A Pune trial court awarded death sentence to the appellant Shivaji of Pune for the rape and murder of the girl in January 2002. The Bombay High Court confirmed the punishment and the present appeal was directed against it.
Dismissing the appeal, an apex court Bench said: “This case falls in the rarest of rare category. The circumstances highlighted establish the depraved acts of the accused, and they call for only one sentence, that is the death sentence.”
Justice Arijit Pasayat and Justice Mukundakam Sharma said: “A large number of cases in recent times coming before this court involving rape and murder of young girls, is a matter of concern. In the instant case the victim was about nine years…she was not only raped but murdered by the accused appellant.”

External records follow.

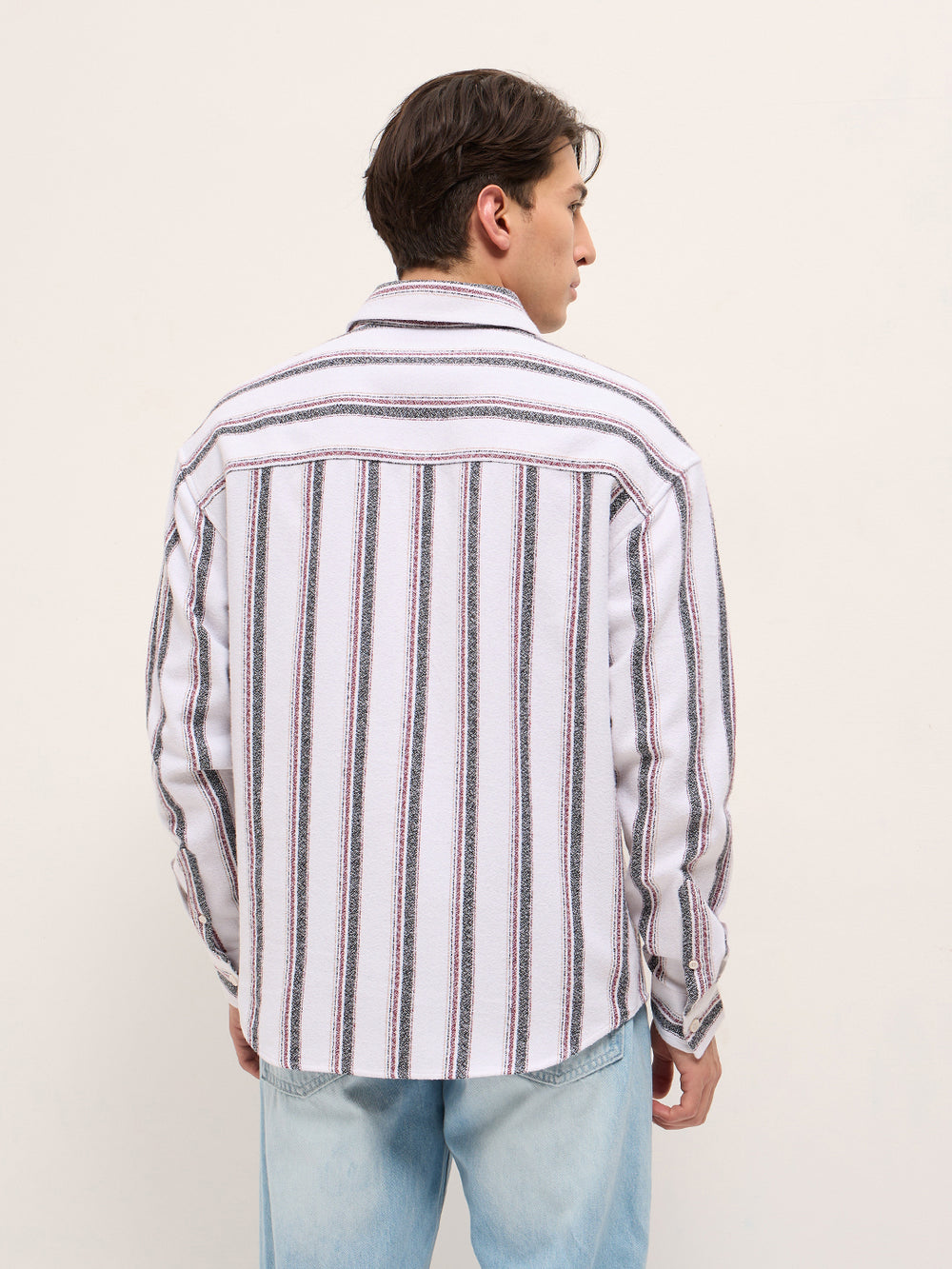 White Woven Vertical Stripe Design Relax Fit Overshirt
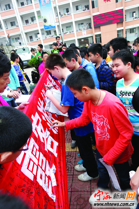 5月3日下午,我们走进江西省上饶市弋阳县方志敏中学,热情的学生们争先恐后地在横幅上签名支持。
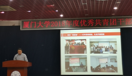 2018年度“厦门大学优秀共青团干部”评选活动于4月17日举行。外文学院辅导员蔡宇老师在个人展示中以“共青团干部应做好奠基者、引路人、排头兵”为题,分享了自己的工作经历与感悟。作为一名共青团干部,他努力打牢团员思想基础,扎实开展团建,着力提升学生的政治素养和时代责任感。同时,他努力挖掘育人要素,不断拓展团学活动,以学术竞赛、社会实践、志愿服务、文体活动等为依托,用多样的形式、丰富的内容培育学生、引领学生、成就学生,做好“引路人”。他始终以学生组织为抓手,不断提升团组织的凝聚力,培育了一批优秀的学生团员骨干和群体,切实发挥了“排头兵”作用。他表示,今后将继续努力提升自我,引领教育青年团员成长成才,助力广大青年学子有梦、追梦、圆梦。最终,蔡宇老师成功获评“优秀共青团干部”称号。

Writing the judgment, Justice Pasayat said: “Protection of people is an essential function of the State. It could be achieved through instrumentality of criminal law. Undoubtedly, there is a cross cultural conflict where the living law must find an answer to the new challenges and the courts are required to mould the sentencing system to meet the challenges. The contagion of lawlessness would undermine social order and lay it in ruins. Protection of society and stamping out criminal proclivity must be the object of law which must be achieved by imposing an appropriate sentence.”
The Bench said: “Proportion between crime and punishment is a goal respected in principle, and in spite of errant notions, it remains a strong influence in the determination of sentences. Anything less than a penalty of greatest severity for any serious crime is thought then to be a measure of toleration that is unwarranted and unwise.
“It is expected that the Courts would operate the sentencing system so as to impose such sentence which reflects the conscience of the society and the sentencing process has to be stern where it should be. Imposition of sentence without considering its effect on the social order in many cases may be in reality a futile exercise. The social impact of the crime, e.g. where it relates to offences against women, dacoity, kidnapping, misappropriation of public money, treason and other offences involving moral turpitude or moral delinquency which have great impact on social order, and public interest, cannot be lost sight of and per se require exemplary treatment.
“Any liberal attitude by imposing meagre sentences or taking too sympathetic a view merely on account of lapse of time in respect of such offences will be result-wise counter-productive in the long run and against societal interest which needs to be cared for and strengthened by a string of deterrents inbuilt in the sentencing system.”